James concludes his epistle with the subject of divine discipline because his main idea throughout the book is to bring the believer back into a living faith (into dynamic fellowship with God).
let him know that he who turns a sinner from the error of his way
The word “turns” here does not mean to convert a lost person. The word “turns” comes from two words: back and to turn. The business of the believer is to turn backslid believers back to God. It is the responsibility of a believer in fellowship to bring a believer in a state of deflection from the truth back to a walk with God.
will save a soul from death
James refers to physical death here. This believer is susceptible to physical death because of his protracted rebellion against God. The word “save” does not refer to eternal salvation of the soul here but to the saving of a believer under severe divine discipline.
“Soul” here refers to the whole person. “Death” here is temporal death and not eternal death (1 Jn 5:16). James refers here to saving a soul from physical death, not eternal death. If this suggests eternal death, then returning to truth makes no sense. There is no suggestion of mortal sin here. James suggests the possibility of recovery.
1 Co 11:30-32, “For this reason many are weak and sick among you, and many sleep [die]. 31 For if we would judge ourselves, we would not be judged. 32 But when we are judged, we are chastened by the Lord, that we may not be condemned with the world.”

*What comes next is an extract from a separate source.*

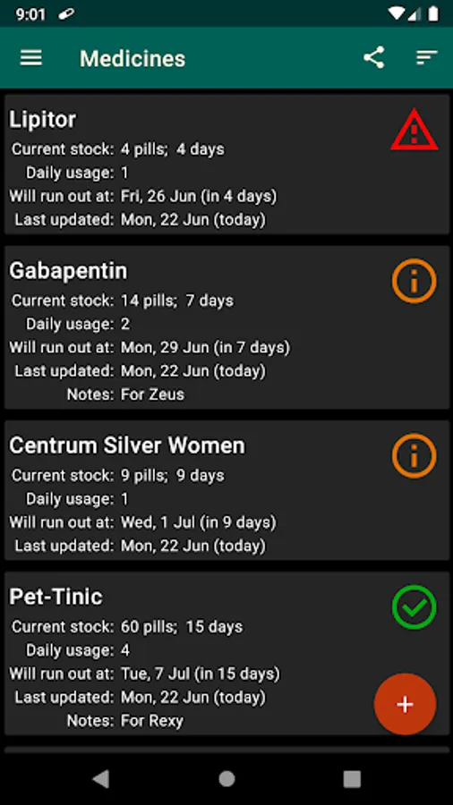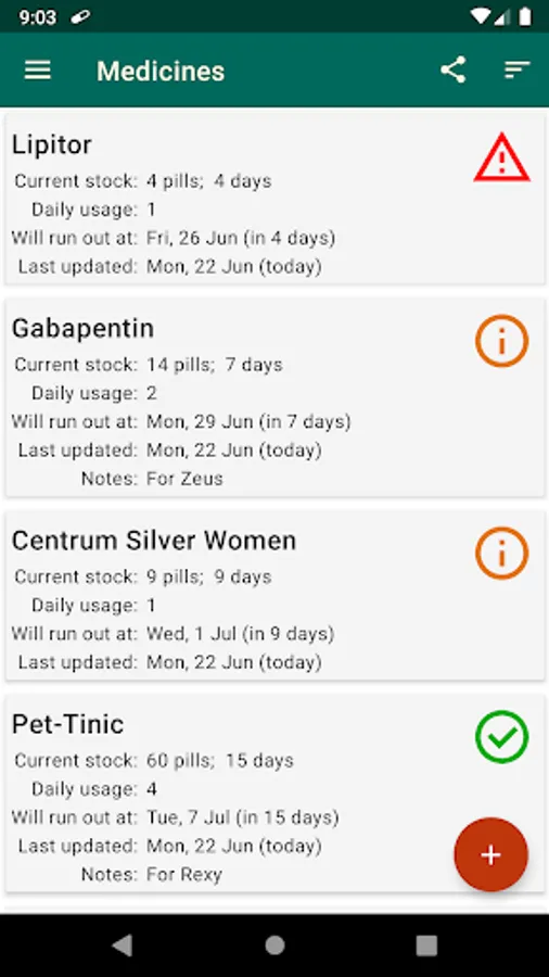 From this information MedsStockTracker tries to predict when your stock will run low, and it alerts you in advance so you will have plenty of time to re-stock before your medicines will run out.

1 Jn 5:16-17, “If anyone sees his brother sinning a sin which does not lead to death, he will ask, and He will give him life for those who commit sin not leading to death. There is sin leading to death. I do not say that he should pray about that. 17 All unrighteousness is sin, and there is sin not leading to death.”

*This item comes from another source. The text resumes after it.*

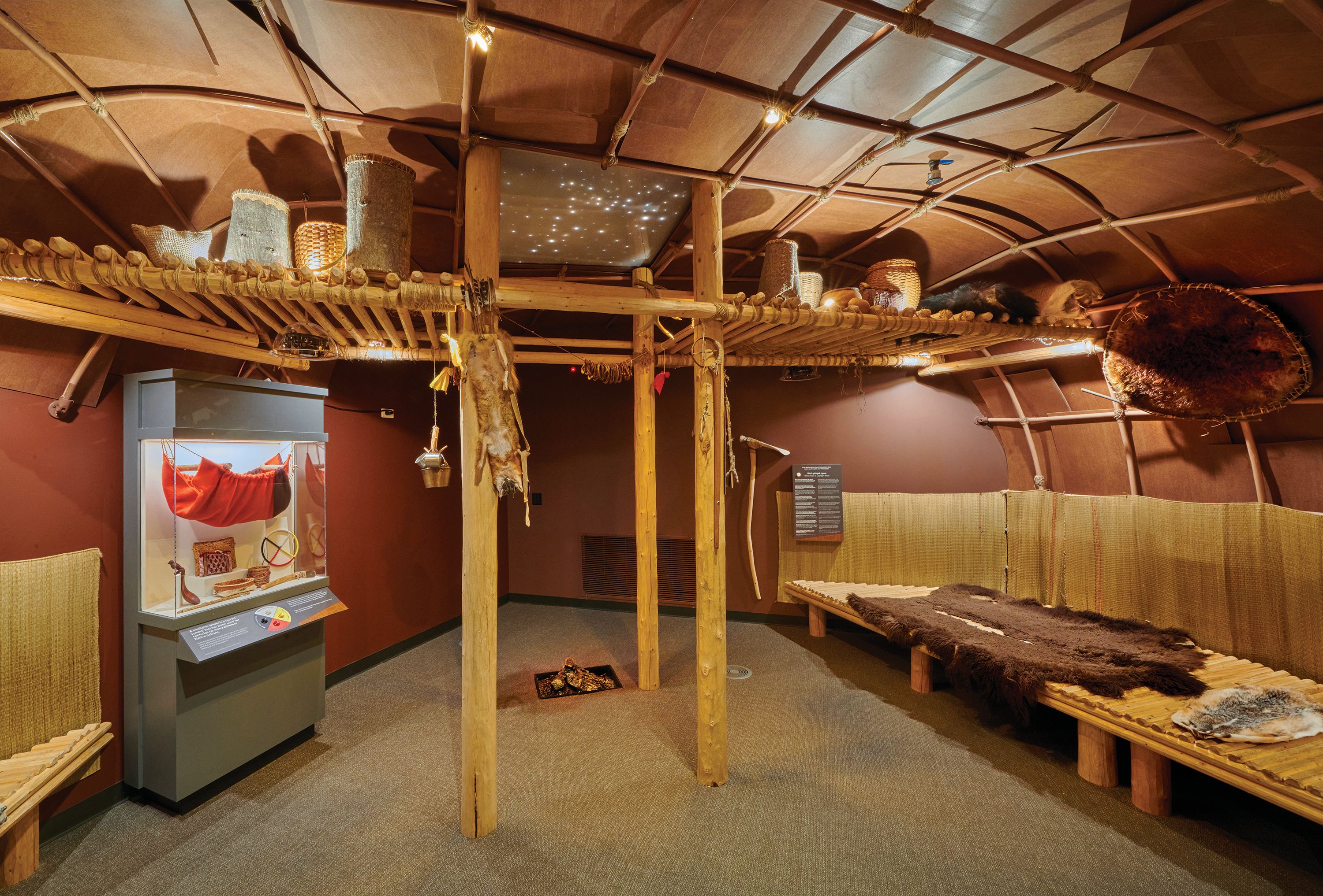 Soon after entering the Museum, visitors turn a corner into the First Peoples gallery. There, a replica wigwam stands for them to enter.

and cover a multitude of sins
If a believer stays out of fellowship, his sins begin to pile up. The word “cover” means to blot out, cancel, forgive. This phrase “cover a multitude of sins” may allude to Proverbs 10:12. “Cover” is a Hebraism for the meaning overlook, forgive. God’s purpose is to reclaim fallen believers out of fellowship. God will not look at the sins of a forgiven believer anymore. God does away with any number of sins, for there is no limit to His forgiveness. He will not continue to put him under the sin unto death.
Mic 7:19, “He will again have compassion on us,
And will subdue our iniquities.
You will cast all our sins
Into the depths of the sea.”
The epistle of James comes to an abrupt conclusion. Both Paul and Peter give salutations and conclusions to their epistles but not James.
God calls us to the task of restoring fallen fellow believers.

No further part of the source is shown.